Cross-defaults triggered for Suntech’s bonds; suppliers and lenders start payment claims

  •   Suntech Power Holdings default on paying back its US$541 million convertible note on March 15, 2013 has triggered cross-defaults on other loans, according to the company.
    Suntech Power Holdings default on paying back its US$541 million convertible note on March 15, 2013 has triggered cross-defaults on other loans, according to the company.

Financials

Suntech Power Holdings default on paying back its US$541 million convertible note last week has triggered cross-defaults on other loans, according to the company.

Suntech also said in a statement, confirming its US$541 million convertible note default, that some of its suppliers and lenders have started claims for non-payment or non-performance.

Based on typical financial clauses, any default on a convertible note means that other notes holders can also claim early return of loans, though typically filing legal cases to recoup loans can not be instigated for 90 days after the first default date.

This means Suntech's other outstanding debts with the International Finance Corporation and Chinese domestic lenders are affected, although the company said in a statement that it was thus far “unaware of any legal proceedings” initiated by any other bond holders.

The company reiterated its forbearance agreement with 63% of bondholders but added that those holders would also cooperate with Suntech “in addressing certain legal proceedings that may be initiated against it”.

However, the first bond in default only requires 25% of the value to be held by other parties not signature to the forbearance agreement to start legal proceedings after the 90-day statutory waiting period.

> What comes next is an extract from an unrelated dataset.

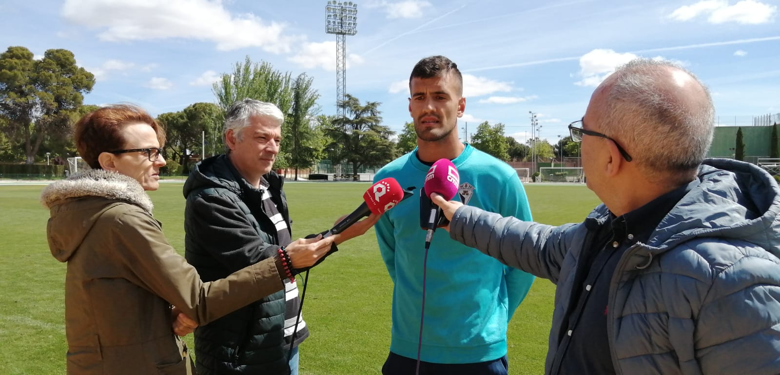 Carlos Mena le ponía voz al vestuario del CD Manchego tras el entrenamiento de este viernes, penúltimo antes del partido…

Claims for payment by suppliers are a different matter, yet the confirmation that certain unidentified suppliers have not been paid in accordance with supply contracts highlights Suntech’s precarious cash position ahead of potential involuntary bankruptcy proceedings bondholders can initiate in the next two months.

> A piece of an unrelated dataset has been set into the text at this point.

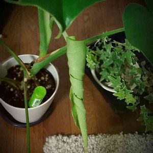 我が家のモンステラさん、久し振りに新芽が出てきました。 1日目、2日目、3日目。

David King, Suntech's CEO, said: "It is currently a very difficult time for our company and our industry, but the management and board of Suntech are committed to finding a way forward that will take into account the rights and interests of all of its constituents, including shareholders, noteholders, lenders, customers, suppliers and employees.

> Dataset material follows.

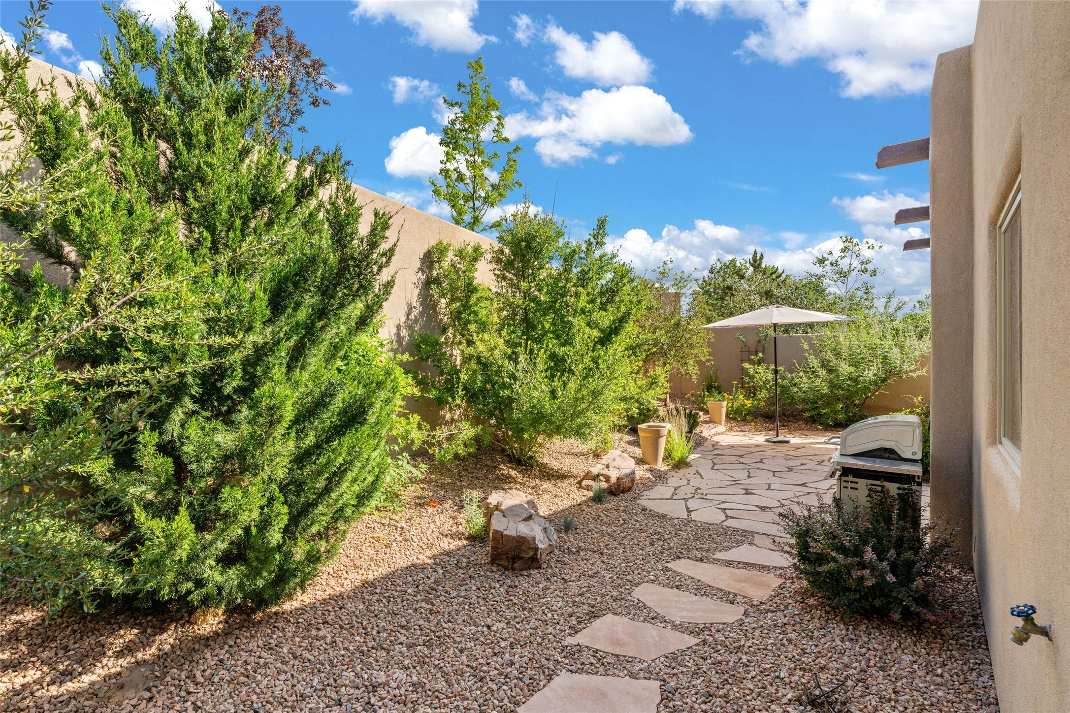 With a flawless new sewer line inspection report available, this home is move-in ready! Showcasing a functional design in one of the most desirable locations in Santa Fe, this stunning home is a rare opportunity to own a home UNDER 1 million dollars in Las Campanas. The home maintains a warm, welcoming feel, filled with natural light and surrounded by native landscaping, and walled backyard for privacy and pet safety. Just minutes from downtown Santa Fe, a quick trip to the airport and easy highway access, this property offers the best of Southwestern living - spacious, secluded, and perfectly situated. This home has been beautifully updated with new kitchen cabinets, a luxurious primary walk-in closet, a full wall of husky cabinets and 2 additional benches in the garage, a new tankless water heater, a reverse osmosis water treatment system and many more upgrades. A private enclosed patio is showcased in this elegant design that seamlessly combines easy living with the rugged Santa Fe views and sunsets that our state has to offer. Beautiful, established landscaping with drip irrigation, flagstone patio and walk ways makes for an enjoyable and low maintenance outdoor space. The open kitchen and living area, framed by a peaceful garden (perfect for pets), offer an inviting space for gathering with friends and family. Complete with a detached studio, this property offers unmatched versatility in a beautiful gated community with 24 hours security/EMS, and designated path walks few steps from your front door. Owners have the option to gain access to The Club at Las Campanas, which provides exclusive access to two Jack Nicklaus Signature Golf Courses, pools, a state-of-the-art fitness facility, and fine dining. Broker can provide a list of all the incredible upgrades and updates that come with this move-in ready home!

“We are currently exploring strategic alternatives with lenders and potential investors, which could help to set us on a path towards longer term success. We appreciate the support and understanding of our various stakeholders as we undertake efforts to implement these measures."

It was not made clear by the company who the “potential investors” may be. Speculation has been rife that the local government could bail out Suntech, yet despite claims a deal had already been done, this has not yet been confirmed.